Ian
1
- nebula 版本:3.8.0
- 部署方式:分布式(3个实例,meta3,graph3,storage*3)
- 安装方式:RPM
- 是否上生产环境:Y
- 硬件信息
- 问题的具体描述
1、集群中有一个实例发生了重启,nebula-java的写入任务发生了重试,但是没有接收到超过重试次数的异常。有个问题是,我配置的是100毫秒,重试3次,重启服务没有那么快,应该会超过3次.但我的程序没有接收到异常,可以认为是重试成功?
2、在发生重启的这个时间段的数据,发现有些数据没有写入,是不是实例之间的内部同步问题?
- 相关的 meta / storage / graph info 日志信息(尽量使用文本形式方便检索)
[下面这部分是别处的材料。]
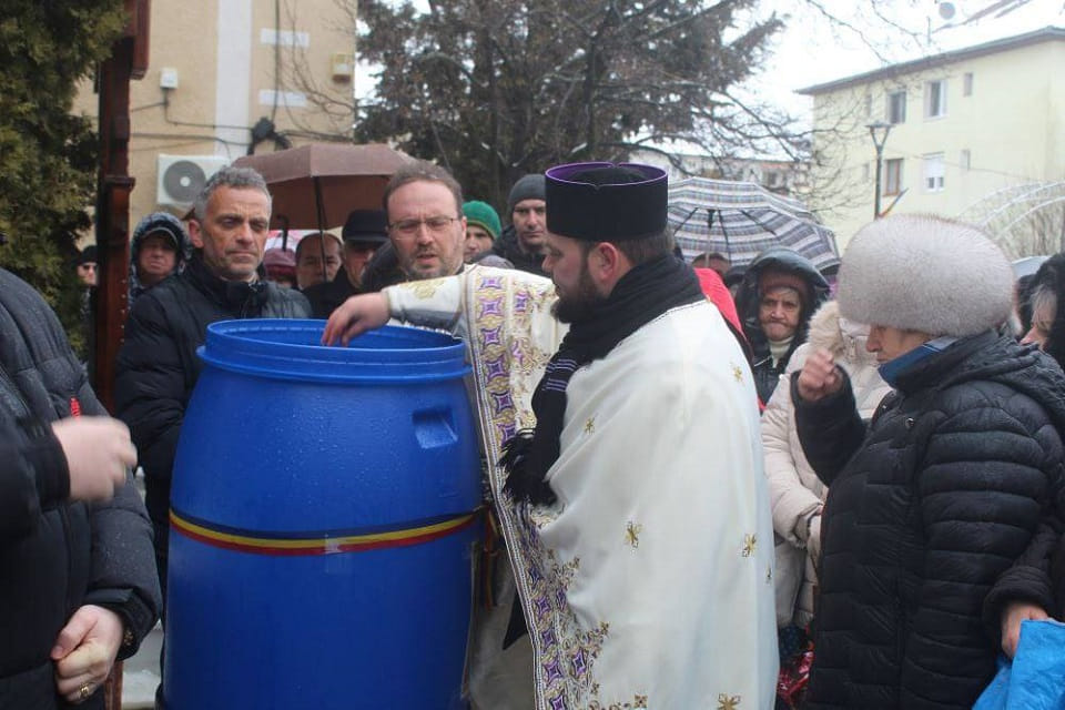 Organizatorii au amplasat pe platoul și interiorul Bisericii Ortodoxe „Adormirea Maicii Domnului” din Cugir, 6 butoaie umplute cu apă, puse la dispoziția credincioșilor care au dorit să ia apă sfințită acasă.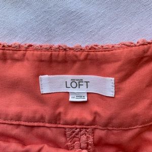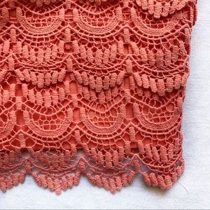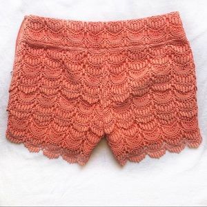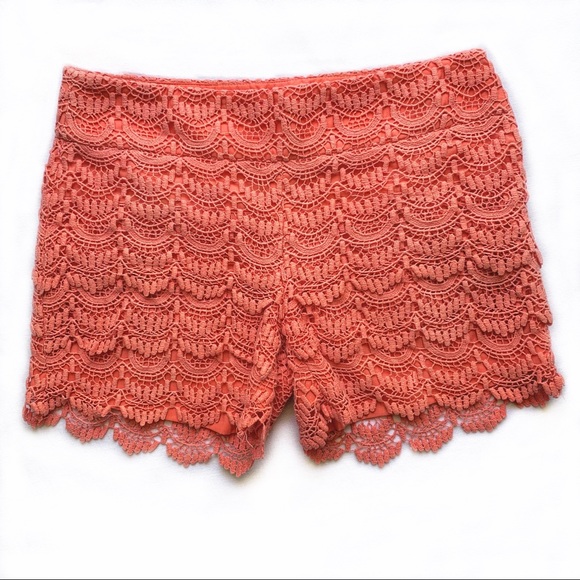 Coral shorts in layered lace; side zip with hook and eye closer and fully lined. In great condition with no flaws.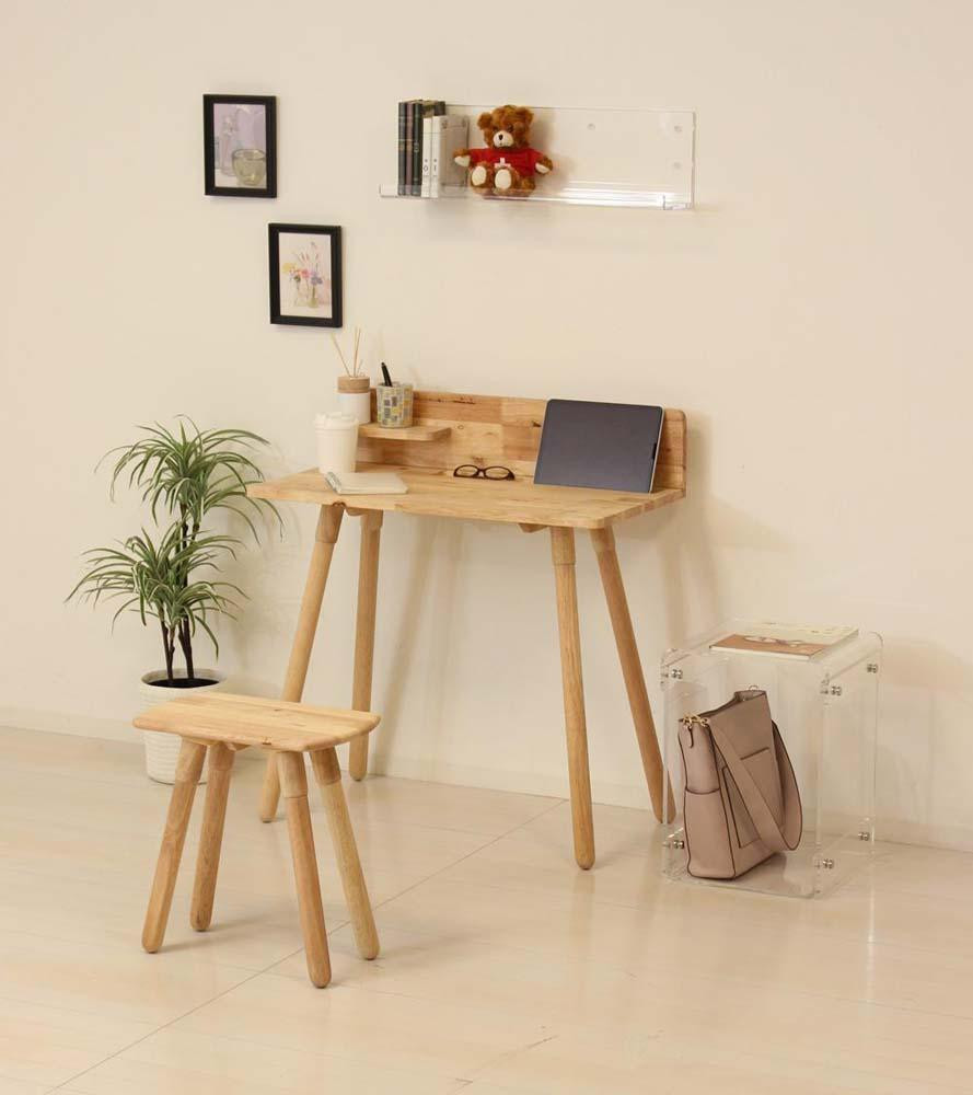木を捨てることなく全て使うことで、SDGsを考えたデスクとスツールの2点セットです。節や色の濃淡等、天然木の風合いをありのままお楽しみいただけて、高さ調整も可能です。ステーショナリーを置く場所やカップホルダー、小物を置ける棚と、コンパクトながら使いやすさを考えたデスクセットです。

execute error, code: -1005, message: Storage Error: RPC failure, probably timeout., retry: 1
execute error, code: -1005, message: Storage Error: RPC failure, probably timeout., retry: 2
execute error, code: -1005, message: Storage Error: RPC failure, probably timeout., retry: 3
execute error, code: -1005, message: RPC failure in StorageClient with timeout: TTransportException: Timed out, retry: 1
execute failed for IOErrorException, message: java.net.ConnectException: Connection timed out (Connection timed out), retry: 1
execute failed for IOErrorException, message: java.net.ConnectException: Connection refused (Connection refused), retry: 1
#我的代码如下:
SessionPoolConfig sessionPoolConfig = new SessionPoolConfig(addresses, spaceName, username, password);
sessionPoolConfig.setMinSessionSize(10).setMaxSessionSize(100).setRetryConnectTimes(3)
.setWaitTime(100)
.setRetryTimes(3)
.setIntervalTime(100);
sessionPool = new SessionPool(sessionPoolConfig);
try {
StopWatch stopWatch = StopWatch.createStarted();
result = sessionPool .execute(ngql);
stopWatch.stop();
if (result != null && result.isSucceeded()){
if(stopWatch.getTime() > 50){
log.info("ngql:{} execute success, spend time:{}", ngql, stopWatch.getTime());
}
break;
} else {
JSONObject failedMsg = new JSONObject();
failedMsg.put("nebula_ngql", ngql);
failedMsg.put("exec_code", result != null ? result.getErrorCode() : 0);
failedMsg.put("exec_msg", result != null ? result.getErrorMessage() : "system error");
throw new Exception(failedMsg.toJSONString());
}
} catch (Exception e){
log.error(nebula execute ngql:{} error", ngql, e);
}